The most easterly 4000m peak in the Alps is Piz Bernina and there is really only one way to climb it. The Biancograd is a long slender snow crest reaching up into the sky on the north ridge of Piz Bernina. It's very well known and celebrated for the amazing snow ridge but there is also a lot of rock ridge to enjoy as well. Linking it with a night at the Marco e Rosa Hut and a traverse of Piz Palu to Diavolezza makes a wonderful high level traverse.
It's a long but gentle walk in to the Tschierva Hut from Pontresina in Switzerland. It could not be much more Swiss with horse drawn carriages in the valley, alpine meadows full of flowers and glaciated peaks high above. It's a long day requiring an early start so we got to enjoy a fine sunrise at the start of the ridge.
At first the climb is on rock with great exposure down both sides. The snow crest is soon reached though which lives up to all the superlatives it is given. There are few features in the Alps that are quite so perfect in their composition. Climbing the Biancograd early in the morning as you normally do, the rising sun casts it's warm rays across the crest to exagerate the sinuous curves.

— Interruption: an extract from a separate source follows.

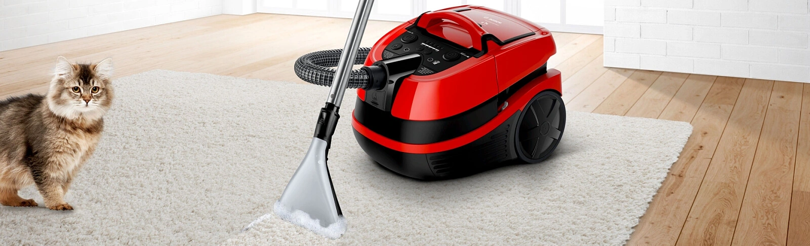 Сухая & влажная уборка: мытье ковров, уборка жидкости и уборка всех видов полов со специальными аксессуарами.

Once at the top of the snow crest you ar enot at the top of the peak though. There is still a substantial rock ridge to traverse to the main summit, all at just about 4000m. For John and I the weather was not bad but it wasn't perfect. The wind cut across the ridge blowing clouds up from Roseg, covering and revealing the way forward with dramatic effect. It's a serious place and there is a lot more to the route than the snow crest. With this peak John and I have reached the 4000m peaks at the furthest extremes of the Alps, Piz Bernina in the east and Bar des Ecrins in the south west.
The Marco e Rosa Hut is only just into Italy geographically but it is totally Italian! It could not be much more different to the Tschierva Hut. Great food and a loud and chaotic atmosphere didn't make for a very relaxing night but we were away early to traverse Piz Palu. This is the easiest way down and ends up at Diavolezza where the cable car glides gently back down the road. It is by no means a descent route though. There is a great scramble up rocks on its west ridge, a wonderful view from the top and an amazing snow crest to descend on the east side. What a wonderful way to end an eventful trip with John.
The Bernina and Bragaglia areas are full of amazing climbs of all types. There is so much more than the Cassin Route and Biancograd. John and I found huge high altitude rock climbs, perfect long mountaineering rock ridges, glaciated peaks and high level snow crests. And we only met two other Brits in the whole two weeks. Go exploring!
Self reliance is a fundamental principle of mountaineering. By participating we accept this and take responsibility for the decisions we make. These blog posts and conditions reports are intended to help you make good decisions. They do not remove the need for you to make your own judgements when out in the hills.